[EXERCISE BRIEF]: Everything in the records below except the pictures must be written out exactly.

[RECORDS FOR THIS TASK]:
=-=-=

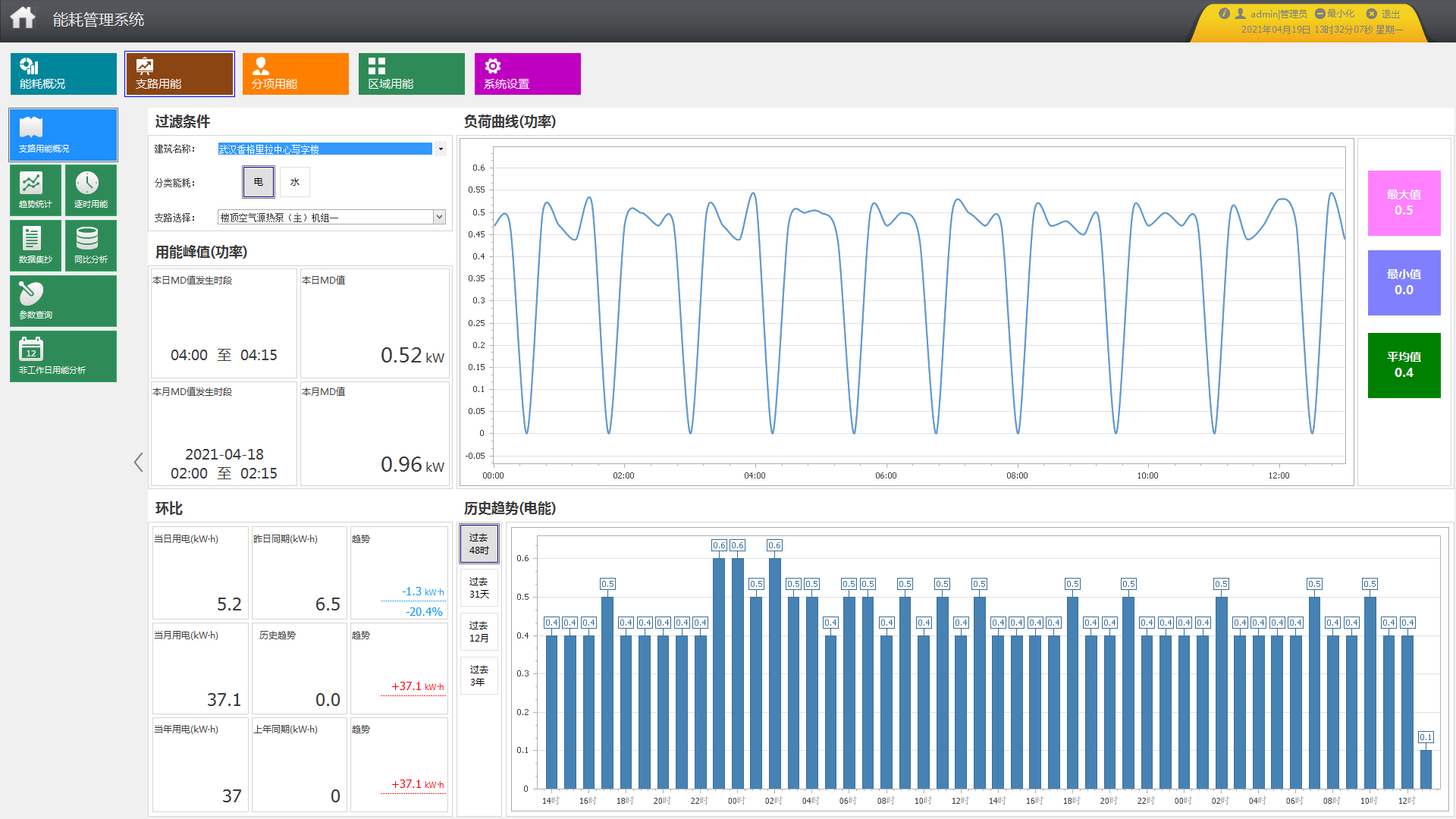 Acrel-5000能耗管理系統(tǒng)可以根據(jù)分類能耗的支路名稱查詢用能情況,顯示當(dāng)日和當(dāng)月的用能峰值(電能對(duì)應(yīng)大需量值)、當(dāng)日用能、當(dāng)月用能、當(dāng)年用能以及昨天同期用能、上月同期用能、上年同期用能的比較情況;以柱狀圖顯示過(guò)去48小時(shí)、31天、12個(gè)月、3年的能耗情況;以曲線圖顯示15分鐘的負(fù)荷用能走勢(shì)(電表顯示功率曲線,流量表顯示流速曲線),并顯示當(dāng)前值、15分鐘內(nèi)的大值和小值。
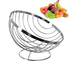 Design Fruitschaal Rond - Schaal voor fruit - Ronde Oblik Design Fruitmand - Metaal - Afm 26.5 x 24 x 19 Cm - Zilver
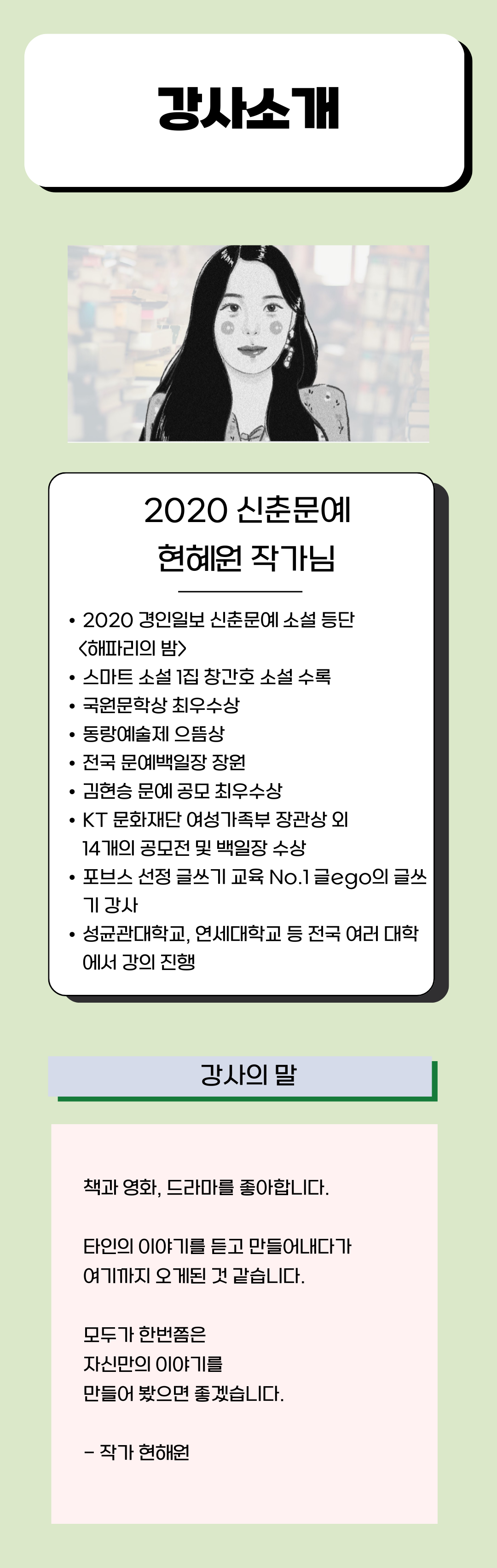 제대로 소설 쓰기를 배우고, 소설가의 첫 스텝을 밟고자 하시는 분들께 이 프로그램을 추천드립니다.
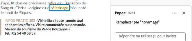 - les remarques particulières (en lien avec une page précise, une photo, un texte) en pdf commenté. Cela est beaucoup plus facile à comprendre que quand c’est formulé. Cela donne ça :
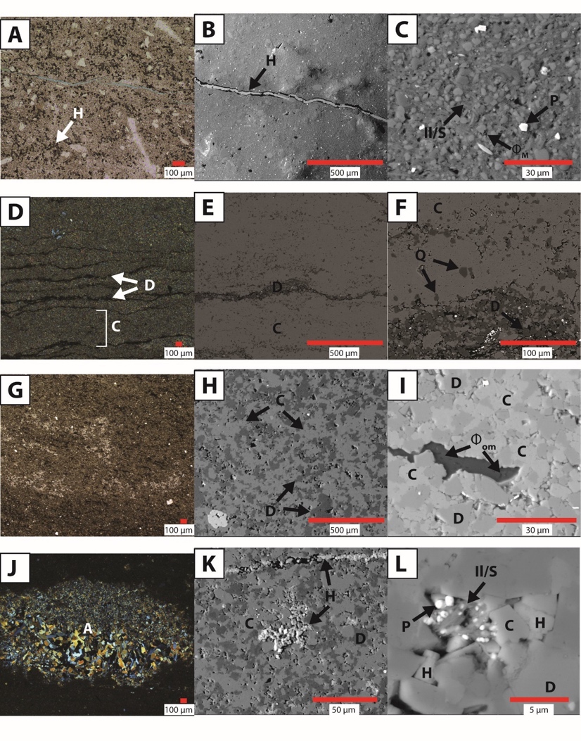 Figure 7. Petrographic and SEM images of mudstone micro-facies. (Q) Quartz, (C) Calcite, (D) Dolomite, (F) Feldspar, (Il/S) Illite/smectite, (H) Halite, (P) Pyrite, (A) Anhydrite, and (Φom) Organic-matter pores. A-C. Illite/smectite, dolomitic mudstone micro-facies; 9,686 m (9,685.9’). D-F. Calcareous, silty mudstone micro-facies; 2,941 m (9,648.7’). G-I. Calcareous, dolomitic mudstone micro-facies; 2,944 m (sample #9658.1). J-L. Anhydritic-dolomudstone micro-facies; 2,940 m (sample #9644.1).
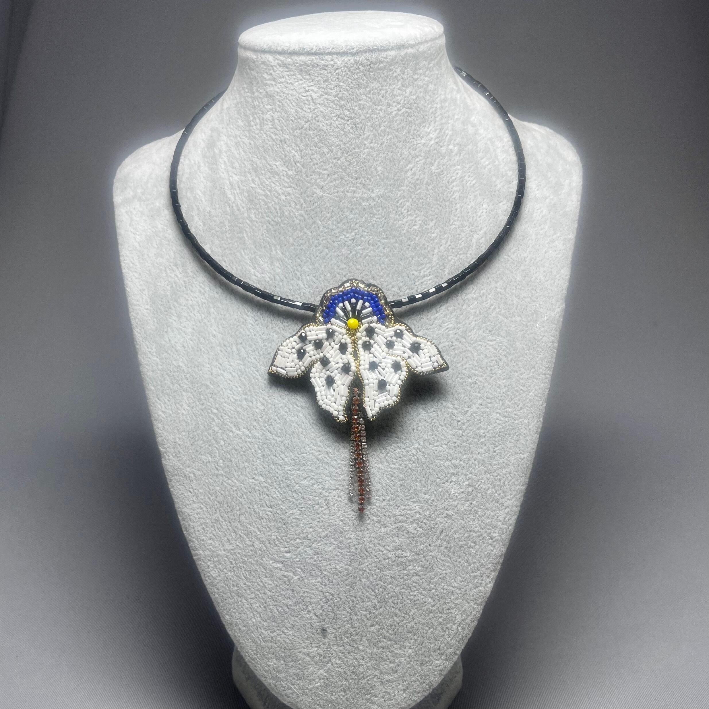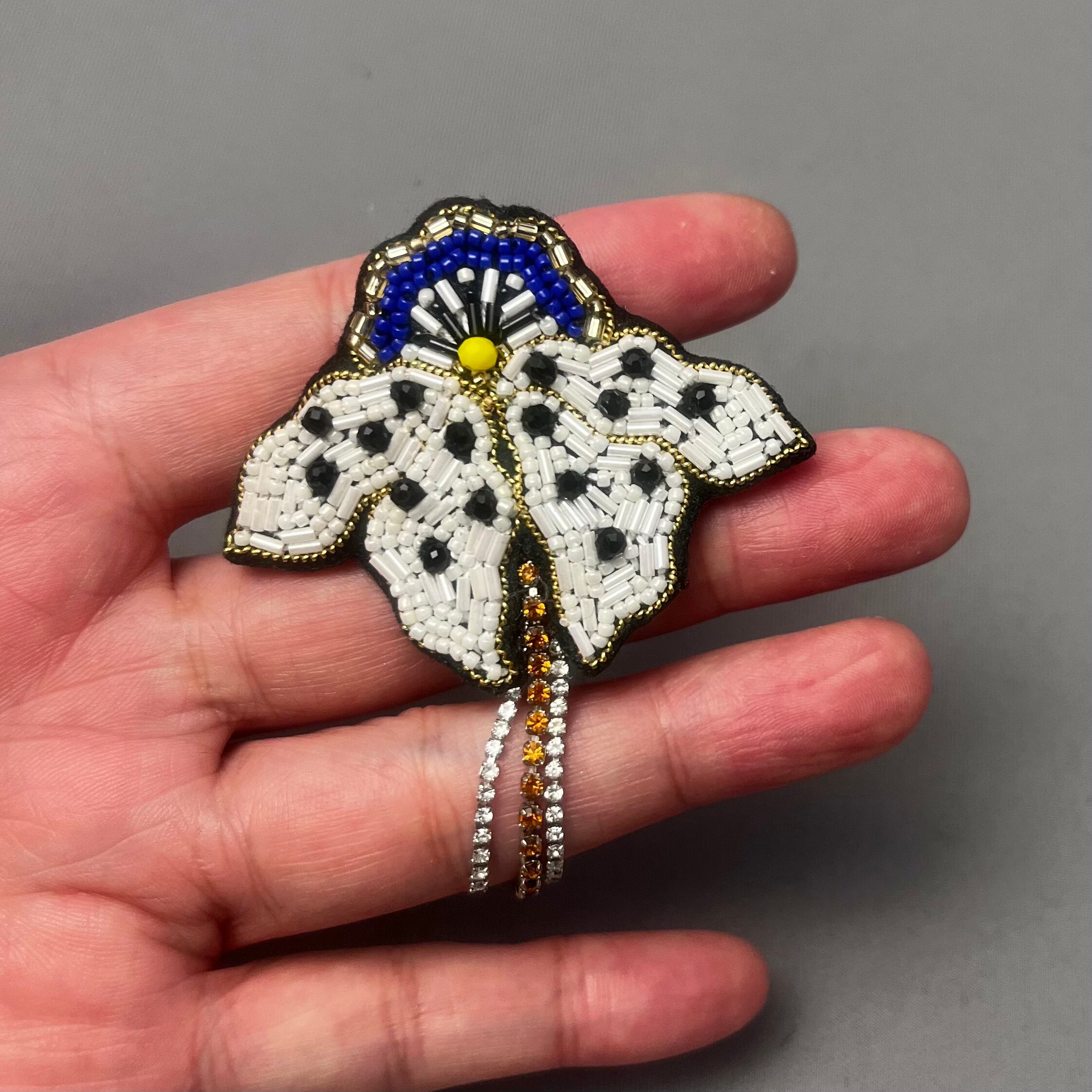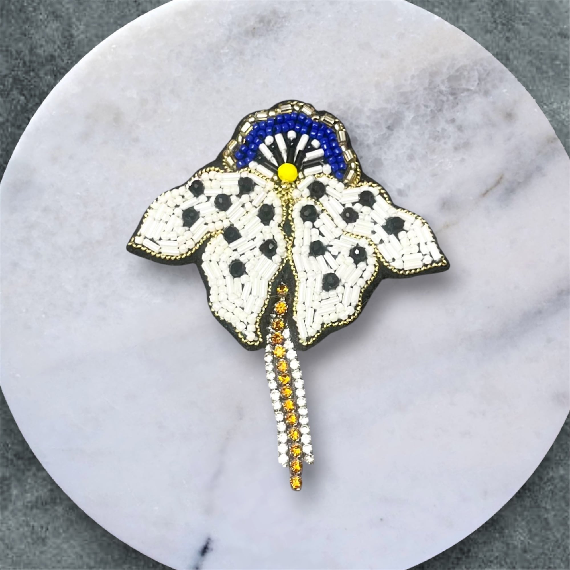 ビーズ刺繍を施した、エレガントなホワイトリリーを表現したブローチです。優雅なデザインと清潔感のある白色が魅力で、シンプルなコーディネートに洗練された印象を与えてくれる特別なアイテムです。

=-=-=

[WRITTEN SOLUTION]:
 Acrel-5000能耗管理系統(tǒng)可以根據(jù)分類能耗的支路名稱查詢用能情況,顯示當(dāng)日和當(dāng)月的用能峰值(電能對(duì)應(yīng)大需量值)、當(dāng)日用能、當(dāng)月用能、當(dāng)年用能以及昨天同期用能、上月同期用能、上年同期用能的比較情況;以柱狀圖顯示過(guò)去48小時(shí)、31天、12個(gè)月、3年的能耗情況;以曲線圖顯示15分鐘的負(fù)荷用能走勢(shì)(電表顯示功率曲線,流量表顯示流速曲線),并顯示當(dāng)前值、15分鐘內(nèi)的大值和小值。
 Design Fruitschaal Rond - Schaal voor fruit - Ronde Oblik Design Fruitmand - Metaal - Afm 26.5 x 24 x 19 Cm - Zilver
 제대로 소설 쓰기를 배우고, 소설가의 첫 스텝을 밟고자 하시는 분들께 이 프로그램을 추천드립니다.
 - les remarques particulières (en lien avec une page précise, une photo, un texte) en pdf commenté. Cela est beaucoup plus facile à comprendre que quand c’est formulé. Cela donne ça :
 Figure 7. Petrographic and SEM images of mudstone micro-facies. (Q) Quartz, (C) Calcite, (D) Dolomite, (F) Feldspar, (Il/S) Illite/smectite, (H) Halite, (P) Pyrite, (A) Anhydrite, and (Φom) Organic-matter pores. A-C. Illite/smectite, dolomitic mudstone micro-facies; 9,686 m (9,685.9’). D-F. Calcareous, silty mudstone micro-facies; 2,941 m (9,648.7’). G-I. Calcareous, dolomitic mudstone micro-facies; 2,944 m (sample #9658.1). J-L. Anhydritic-dolomudstone micro-facies; 2,940 m (sample #9644.1).
 ビーズ刺繍を施した、エレガントなホワイトリリーを表現したブローチです。優雅なデザインと清潔感のある白色が魅力で、シンプルなコーディネートに洗練された印象を与えてくれる特別なアイテムです。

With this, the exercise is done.